Notes: aThe P values of changes in laboratory indicators of common-type patients before and after treatment; bThe P values of changes in laboratory indicators of severe type patients before and after treatment; cThe P values of changes in laboratory indicators of common and severe patients.

Two patients experienced acute rejection during their hospital stay, both of whom had undergone transplantation within one month prior to the event. Two patients experienced acute kidney failure and subsequently recovered after treatment.

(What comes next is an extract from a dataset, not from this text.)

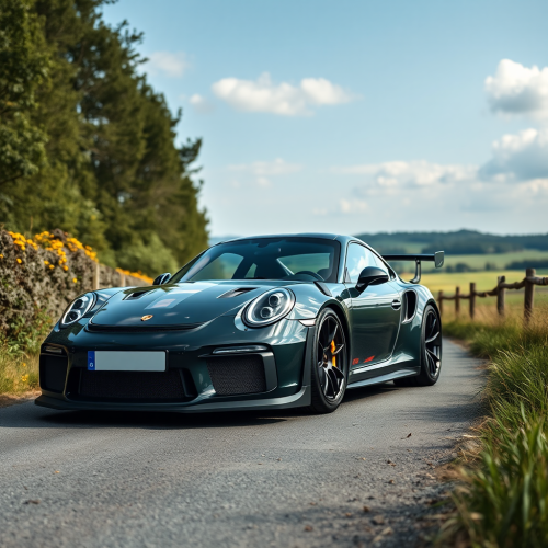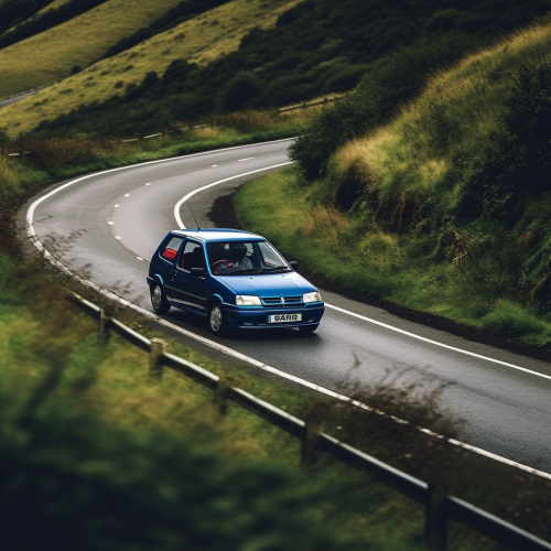 a classic blue Peugeot 106 drifting down a winding road. The road has a hill on one side and a cliff on the other side. Photograph for a car magazine.

Except for three deaths in the severe group, all other patients were discharged successfully. After three months of follow-up, lung CT scans and kidney function tests revealed complete absorption of lung lesions in the common group, while some patients in the severe group still exhibited residual lesions. During the entire treatment process, the creatinine levels in the severe group were significantly greater than those in the common group (Figure 1).

Figure 1.

Figure 1

The variations in creatinine levels between the two groups during the entire treatment process.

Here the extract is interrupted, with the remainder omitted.